Случалось, что меня необходимо было пристроить на более длительное время. На помощь приходила сводная сестра мамы Хася. Она жила на ул. Карла Маркса со своей матерью, второй, но уже давно бывшей женой деда — Миррой, крохотной чистенькой старушкой. Ни мужа, ни детей у Хаси еще не было. Особых развлечений для меня тоже. Я томился, дожидаясь, пока тетя с дядей вернутся, наконец, из Кисловодска или Цхалтубо. Жизнь этих женщин тоже была отягощена невосполнимой потерей, которую принесла война. В убранстве квартиры доминировал большой портрет брата Хаси — Толика, который умер подростком.

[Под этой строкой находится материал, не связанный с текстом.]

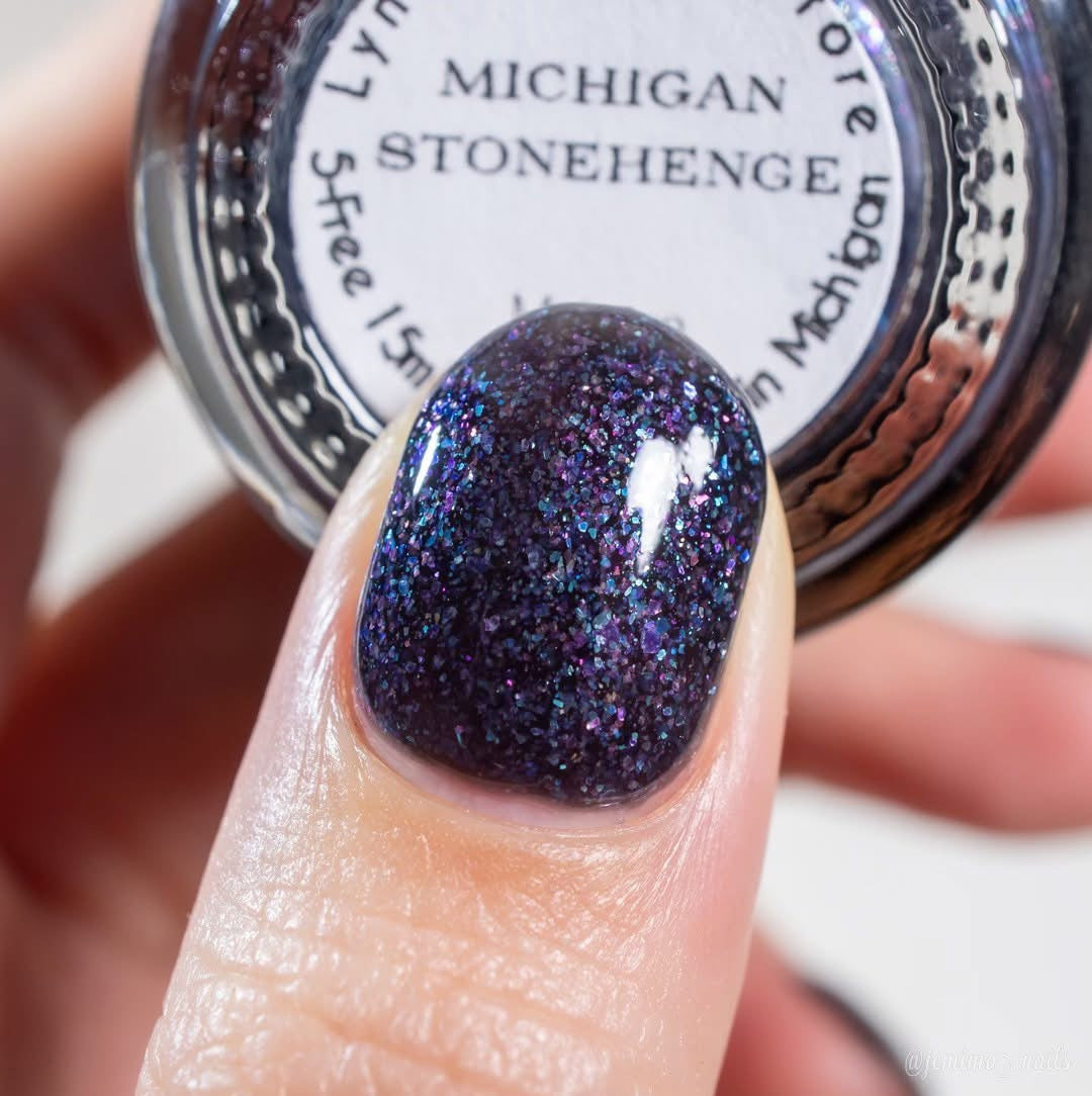 Michigan Stonehenge- buildable blue black base with a rainbow of micro flake shimmer
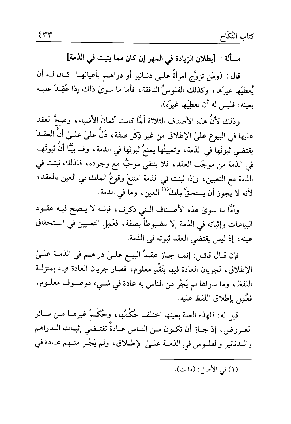 قال: (ومن تزوج امرأة على دنانير أو دراهم بأعيانها: كان له أن يعطيها غيرها، وكذلك الفلوس النافقة، فأما ما سوى ذلك إذا عقد عليه بعينه: فليس له أن يعطيها غيره).
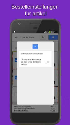 * Klicken Sie auf die drei Punkte oben und wählen Sie "Liste bereinigen", um durchgestrichene Gegenstände zu entfernen.

В 50 метрах от Бурбацких, на «плац Пруса» жила еще одна дружественная нам семья, которой тетя Маня любила наносить визиты вежливости во время наших прогулок. Чтобы попасть в квартиру, надо было пройти по галерее внутреннего двора, похожей на декорацию средневековой пьесы. Хозяин дома — «настоящий», довоенный польский еврей Сигизмунд Вольф. Одному Богу известно, что удерживало этого человека от решения воспользоваться своим законным правом на репатриацию в Польшу в 50-е годы. Вольф никак не вписывался в советский ландшафт. Он говорил по-русски с польским акцентом, носил старорежимную одежду, целовал дамам ручки и смотрел в глаза собеседнику. Кларк-гейбловские усики и узкие глаза делали его похожим на гоминдановского офицера, каким его изображала в те годы советская пропаганда. Через много лет мы с Вольфами породнимся. С моей легкой руки, его дочь Элла выйдет за моего брата.

Парк служил главным образом для воскресных встреч и мероприятий. По будням же тетушка предпочитала водить меня не в парк, а в город. Синий игрушечный вагончик «четверки» за считанные минуты доставлял нас в центр, до самого Галицкого рынка («там телятина — так телятина»). Эти вылазки — верный шанс впихнуть в мою измученную утробу лишний шницель. Питаться вне дома считалось предосудительным, почти само-убийственным («незачем есть всякую отраву, неизвестно, что там они кладут в котлеты, чтоб у них руки поотсыхали»). Однако ради сверхзадачи иногда делались исключения — детское кафе возле пассажа на пл. Мицкевича, в аккурат напротив черного ангела, зацепившегося крылом за стелу, было единственным местом на земле, где меня можно было накормить без ремня.

Господи, напугай, но не наказывай! - img_6

Черный ангел

Тетя Маня долго придирчиво присматривалась и принюхивалась к шницелю, ворча и проклиная воров-поваров, опять насовавших туда хлеб вместо мяса, но была счастлива — ребенок, наконец, поел. Шницеля похрустывали золотой панировкой и выгодно отличались от пресных парных котлет и заплывших дрожащим жиром куриных пулочек. После захода в пару галантерейных магазинов («должны выбросить мулине») прогулка заканчивалась, в лучшем случае, дневным сеансом «Тарзана» в кинотеатре «Коперник» или «Щорс». В худшем — душераздирающей мелодрамой в кинотеатре «Днипро». На экране красивые люди изводили друг друга (и меня вместе с ними) бесконечными монологами, плакали, обнимались, пили вино, умирали и снова плакали. Я был рад, что на большинство таких фильмов детей не пускали. Пока тетушка утирала непрошенные слезы, я вертелся в кресле и молил Бога, чтобы все это поскорей кончилось. И вот, медленно привыкая к свету, мы скользим вдоль рядов по мягкому ковру из подсолнечной шелухи. Назад тащились пешком по скучной улице Щербакова и дальше по еще более безликой Руставели. Единственное, на чем задержится по дороге взгляд (благо нам не миновать Стрыйский рынок), — это скрипучие подводы с невообразимым крестьянским скарбом и лошади с болтающимися на морде торбами — терпеливые существа, уныло перебирающие челюстями в ожидании грубых хозяев, говорящих между собой на своем сословном наречии. А там уже рукой подать до дома.